I am going to Sam's today and I want to buy two twenty five pound bags of bread flour. I want to put them in a trash bag and store them in our freezer. Is that a good idea or not? Thanks for the help. Jim


----------



## #1 WV BonBonQueen (Sep 16, 2018)

jim/se kansas said:


> I am going to Sam's today and I want to buy two twenty five pound bags of bread flour. I want to put them in a trash bag and store them in our freezer. Is that a good idea or not? Thanks for the help. Jim


I have flour stored in my freezer and it has been there for a couple of years, and is still good. You just need to remember to allow it to come to room temp, before using it for bread, as if it is too cold, it will stop the yeast from working as well, or stop it all together. 
I also sift mine, after it has been stored in the freezer, because it seems to be more lumpy and I hate lumpy. lol 
But, it does last a long time.
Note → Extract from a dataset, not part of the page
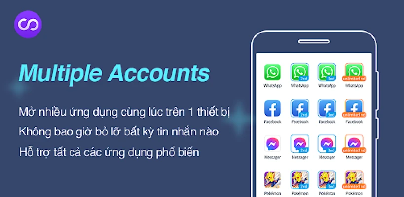Bạn đang tìm kiếm một giải pháp thông minh để quản lý đa dạng cuộc sống số của mình? Dù bạn cần chạy song song nhiều tài khoản mạng xã hội để phân tách công việc và cá nhân, hay muốn nhân đôi trải nghiệm và lợi thế trong các tựa game di động yêu thích, Multiple Accounts chính là lựa chọn tối ưu. Là một trong những ứng dụng nhân bản hàng đầu thị trường, Multiple Accounts đã trở thành người bạn đồng hành không thể thiếu của hàng triệu người dùng, giúp họ mở rộng khả năng tương tác trên các nền tảng như WhatsApp, Facebook, Instagram, hoặc chinh phục các game đình đám như FreeFire, Mobile Legends, LOL, Rise of Kingdoms một cách dễ dàng.

I would put it into smaller containers to keep from having to lift that cold bag out of the freezer to take out what you need. imho


----------



## Robotron (Mar 25, 2012)

Trash bags now days have deodorants and biocides applied to them. Keeps the kitchen from getting smelly. I would use something else as the DNR here in Michigan cautions against wrapping game in them for that reason.


----------



## Wolf mom (Mar 8, 2005)

Hey, you guys - you're answering a 10 year old thread.


----------



## GTX63 (Dec 13, 2016)

By this time I'm sure that flour is bad.


----------



## whiterock (Mar 26, 2003)

Maybe she oven canned it


----------



## anniew (Dec 12, 2002)

Sure do wish Hagan was still active here...


----------



## Bearfootfarm (Jul 13, 2006)

Robotron said:


> I would use something else as the DNR here in Michigan cautions against wrapping game in them for that reason.


"Lawn and Leaf" bags don't have any added chemicals.


----------